• Task to complete: Retype the entries, please, from their first line to the line containing "Longitud: 2,5 m.", exactly and only those lines, minus the pictures.

Top of Data extract

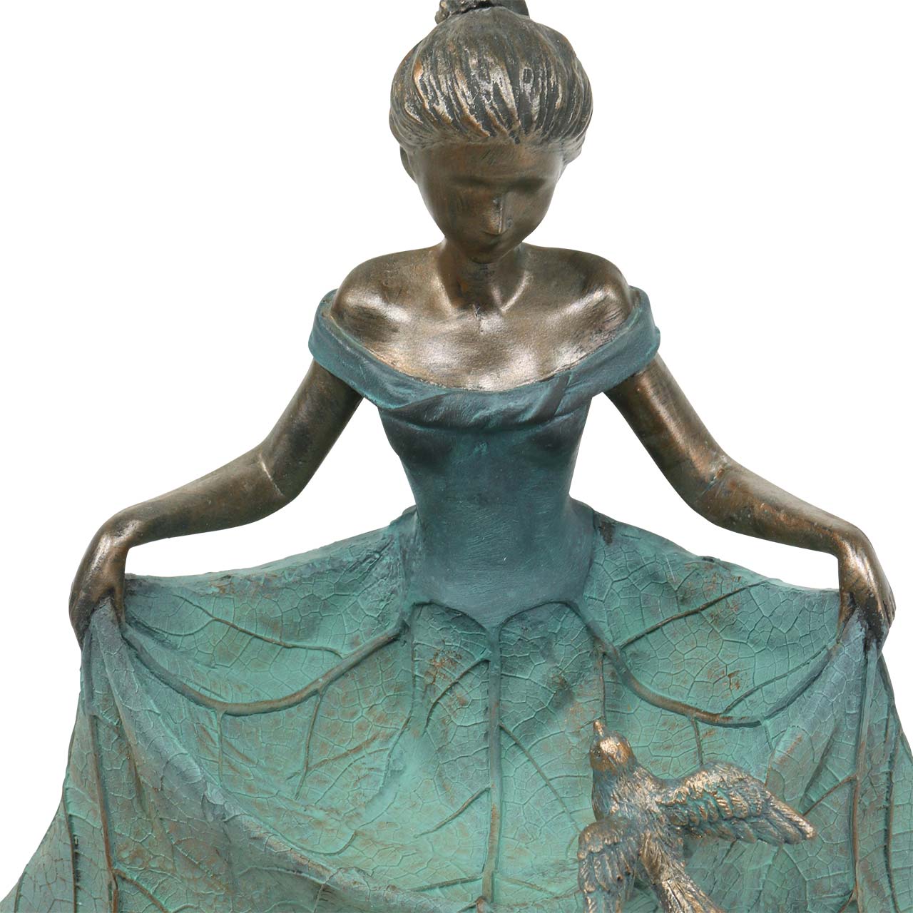 Vogelbad tuinfiguur meisje in bloemenjurk H33.5cm
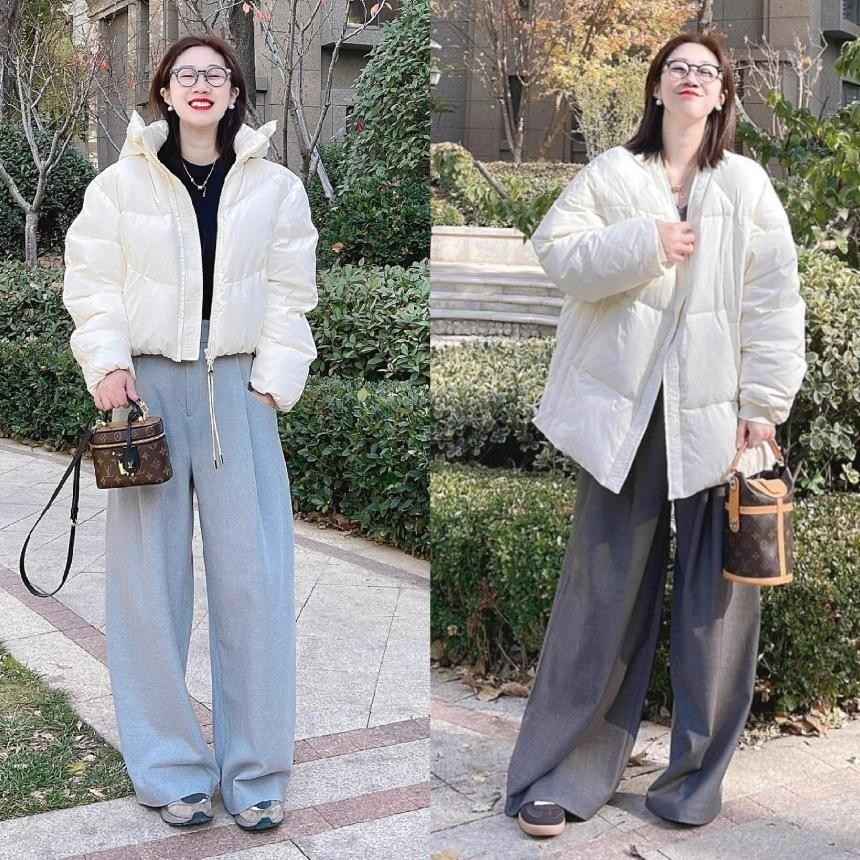 其实这两组搭配能火,核心就是太懂少女了,咱们这个年纪,可能有点小肉肉、腿型不完美,选衣服既想遮缺点,又不想穿得臃肿。“羽绒服+阔腿裤”就刚好解决了这个矛盾,羽绒服选宽松点的H型或茧型,不用贴紧身体,自然就能遮住腰腹和肩背的肉肉,显瘦效果超棒。
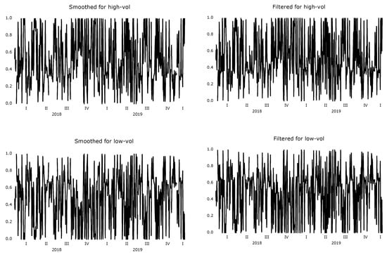 The likelihood of each regime remaining in the same regime interval demonstrates the presence of a moderate volatility clustering among the excess returns of ETFs. In other words, a high volatility observation is preceded by a low volatility observation, and vice versa; also, no re-estimation of the two-regime heteroscedastic MRS model with restrictions on the transition matrix was required since none of the transition probabilities have near-zero values.
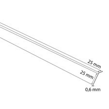 Longitud: 2,5 m. Perfil 25x25 mm. Espesor: 0,6 mm
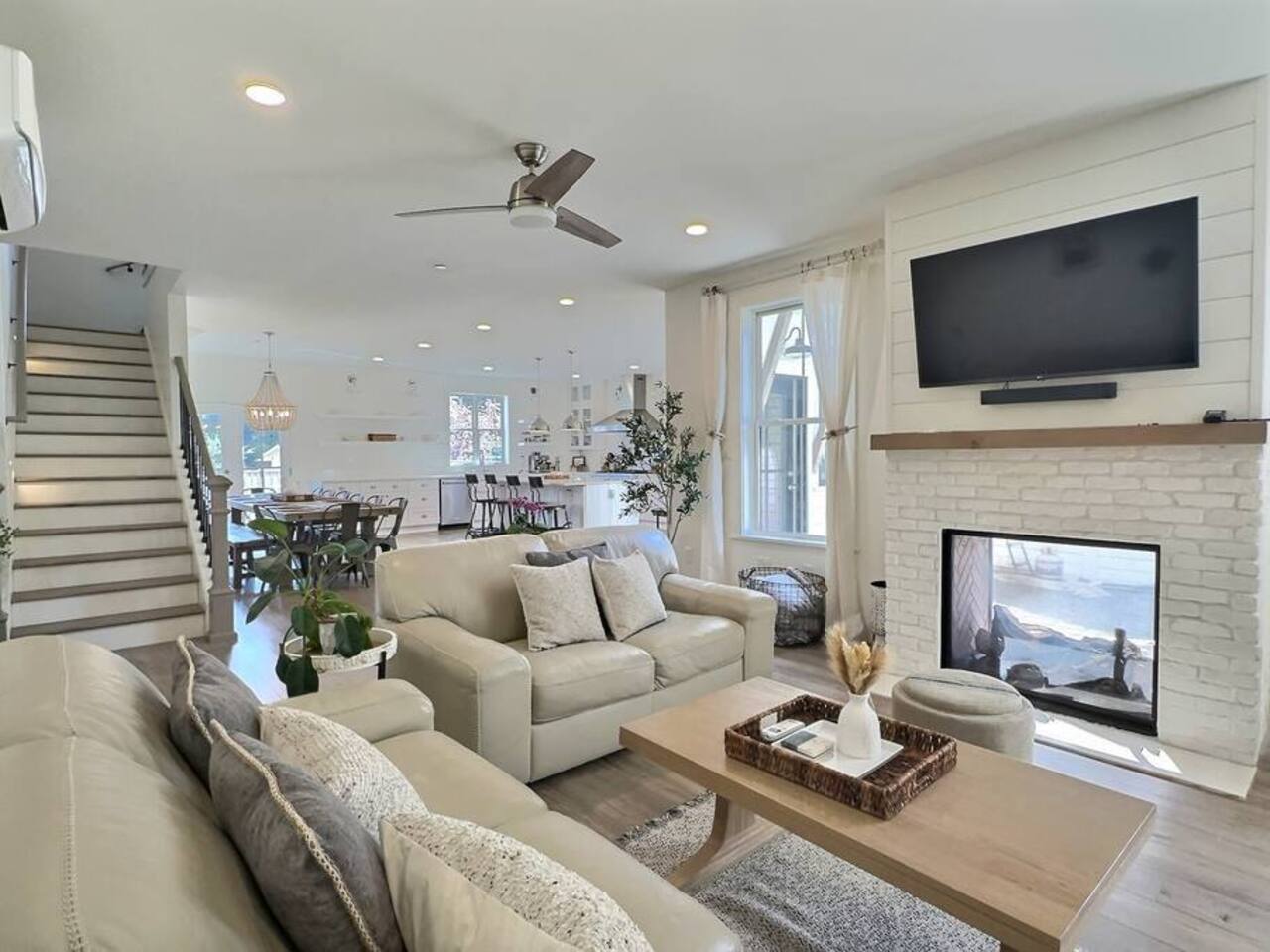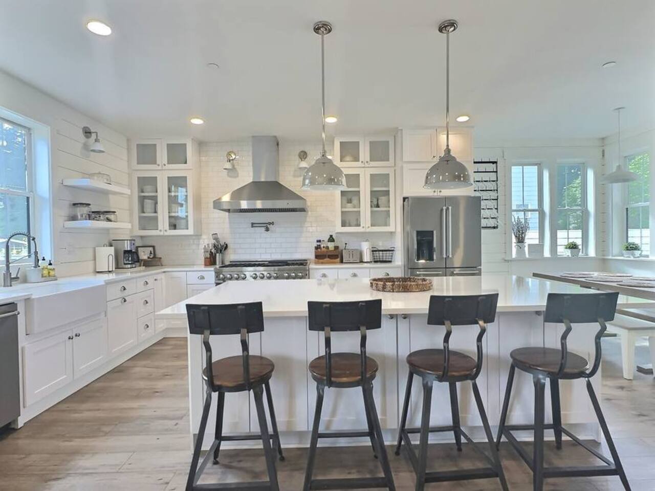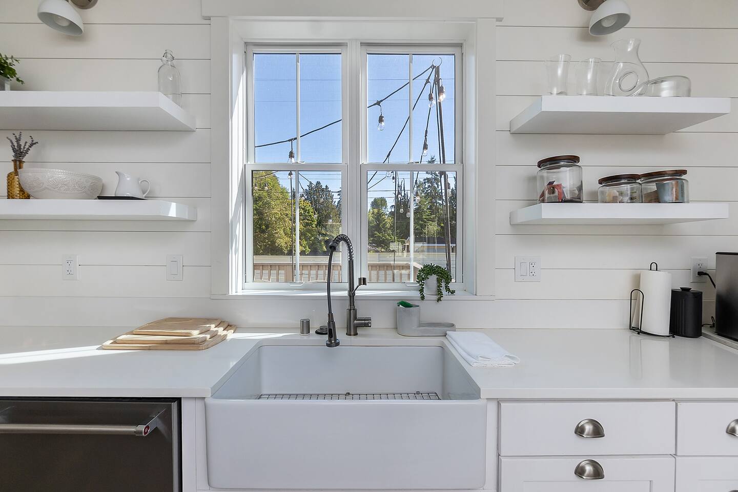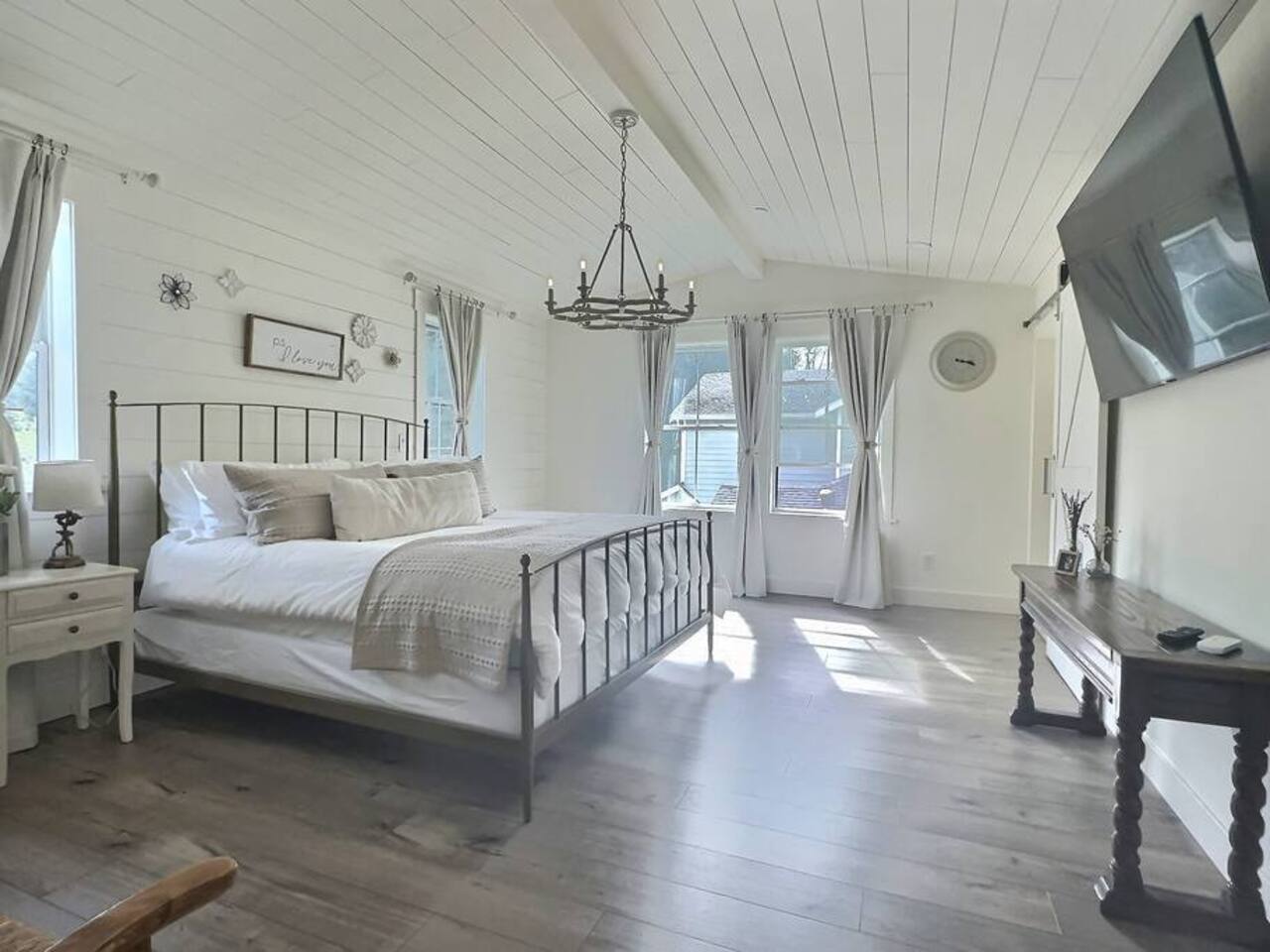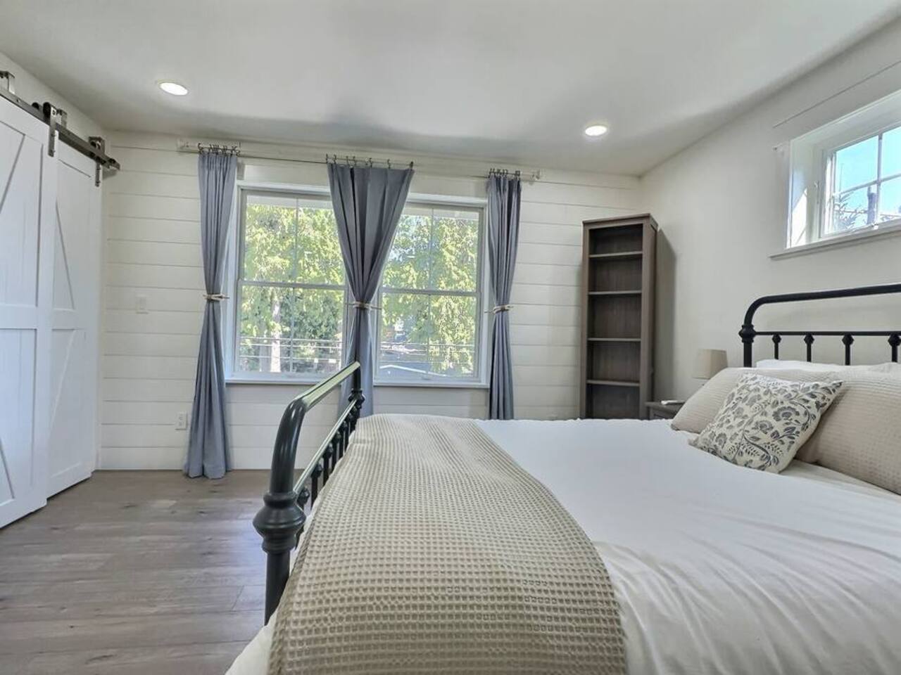 Welcome to Serenity at Shoreline, your invitation to gather, restore, and experience a slower rhythm—surrounded by beauty, comfort, and just the right touch of grace. Tucked in a quiet Shoreline neighborhood just north of Seattle, this modern white farmhouse was thoughtfully designed to hold both joy and stillness in equal measure. Driftwood tones, vintage touches, and sunlit spaces come together to create a stay that feels warm, grounded, and unforgettable. From shared meals around the oversized dining table to slow mornings with coffee in the garden, every inch of this home encourages you to soften, settle in, and stay awhile. Just blocks from the Shoreline light rail station, guests enjoy effortless access to both Seattle and Lynnwood, as well as quick connections to I-5 for convenient regional travel. At the heart of the home, you’ll find an open-concept living space with plush seating and a double-sided fireplace, connecting seamlessly to the chef’s kitchen. Outfitted with a six-burner range, island seating, and all the small appliances you might need, the kitchen is perfectly equipped for slow breakfasts, shared dinners, and everything in between. Just around the corner, a cozy theater room invites you to unwind with a favorite film or settle in for a movie night after a day of adventure. All common living spaces are located on the main floor—with the exception of the laundry room, which is tucked away for convenience. The home features five thoughtfully designed bedrooms and a third-floor crow’s nest den—each with its own character and charm. Whether you're hosting a large gathering, retreating with a smaller group, or simply seeking a quiet escape, there’s space to rest and reconnect in every corner. ________________________________________ Where You’ll Sleep 🌿 The Wisteria Suite — Main Floor, King Bed + En-Suite Bath This restful suite feels like a deep exhale—layered in muted light, gentle textures, and a quiet kind of elegance. Located on the main floor, it features a plush king bed, a private en-suite bathroom, and calming views of the cascading wisteria vines just beyond its windows. 🌲 The Driftwood Suite — Upper Floor, King Bed + En-Suite Bath A sanctuary in the sky. With vaulted shiplap ceilings and sun-drenched interiors, this upstairs suite offers both space and stillness. The five-piece en-suite bath features a decadent pedestal soaking tub, and a large TV makes it the perfect space for unwinding in comfort. 🕊 The Shoreline Room — Upper Floor, Queen Bed + Shared Bath Tranquil, simple, and serene, this queen bedroom is located near the shared hallway bath. Designed with early morning light and soft-toned stillness in mind, it’s a peaceful escape tucked just across from the Driftwood Suite. 🌙 The Sea Star Bunkroom — Upper Floor, 2 Twin-Over-Twin Bunks + Shared Bath Playful and cozy, this light-hearted space features two twin-over-twin bunk beds and plenty of charm. It’s ideal for cousins, siblings, or anyone young at heart. 🌸 The Hydrangea Room — Upper Floor, Queen Bed + En-Suite Bath Tucked toward the back of the home, this light-filled queen suite offers privacy and calm. It includes a private en-suite bathroom and a soft, muted palette. A TV makes it a perfect place to retreat and unwind. 🪶 The Lookout — Third Floor, Vaulted Den Perched at the very top of the house, this crow’s nest den is wrapped in treetop views. With vaulted ceilings and natural light, it’s perfect for journaling, quiet work, or creative solitude—your personal perch above it all. ________________________________________ Step outside into a fully fenced backyard where nature wraps around you like a gentle whisper. Twinkling lights twist above the outdoor dining space, hydrangeas bloom in blues and blush, and a soft green lawn invites you to slip off your shoes and feel the earth beneath your feet The home is equipped with everything you need for a seamless and comfortable stay: high-speed Wi-Fi, smart TVs, a full laundry room, luxurious linens, plush towels, and a curated starter supply of soaps and household essentials. Every space—every corner—has been arranged with care, wrapped in warmth, and built for ease. Reminiscent of classic townhomes and side-by-side estates, Serenity at Shoreline shares one wall with a neighboring private residence. Each home is fully self-contained, with its own private entrance, living quarters, yard, and parking—ensuring your stay feels peaceful, independent, and uninterrupted “Come as you are. Leave a little lighter.” This isn’t just a place to stay—it’s a gentle invitation to slow down, breathe deeper, and find a softer way of being, right here in the quiet heart of Shoreline.

Bottom of Data extract

• Answer:
 Vogelbad tuinfiguur meisje in bloemenjurk H33.5cm
 其实这两组搭配能火,核心就是太懂少女了,咱们这个年纪,可能有点小肉肉、腿型不完美,选衣服既想遮缺点,又不想穿得臃肿。“羽绒服+阔腿裤”就刚好解决了这个矛盾,羽绒服选宽松点的H型或茧型,不用贴紧身体,自然就能遮住腰腹和肩背的肉肉,显瘦效果超棒。
 The likelihood of each regime remaining in the same regime interval demonstrates the presence of a moderate volatility clustering among the excess returns of ETFs. In other words, a high volatility observation is preceded by a low volatility observation, and vice versa; also, no re-estimation of the two-regime heteroscedastic MRS model with restrictions on the transition matrix was required since none of the transition probabilities have near-zero values.
 Longitud: 2,5 m. Perfil 25x25 mm. Espesor: 0,6 mm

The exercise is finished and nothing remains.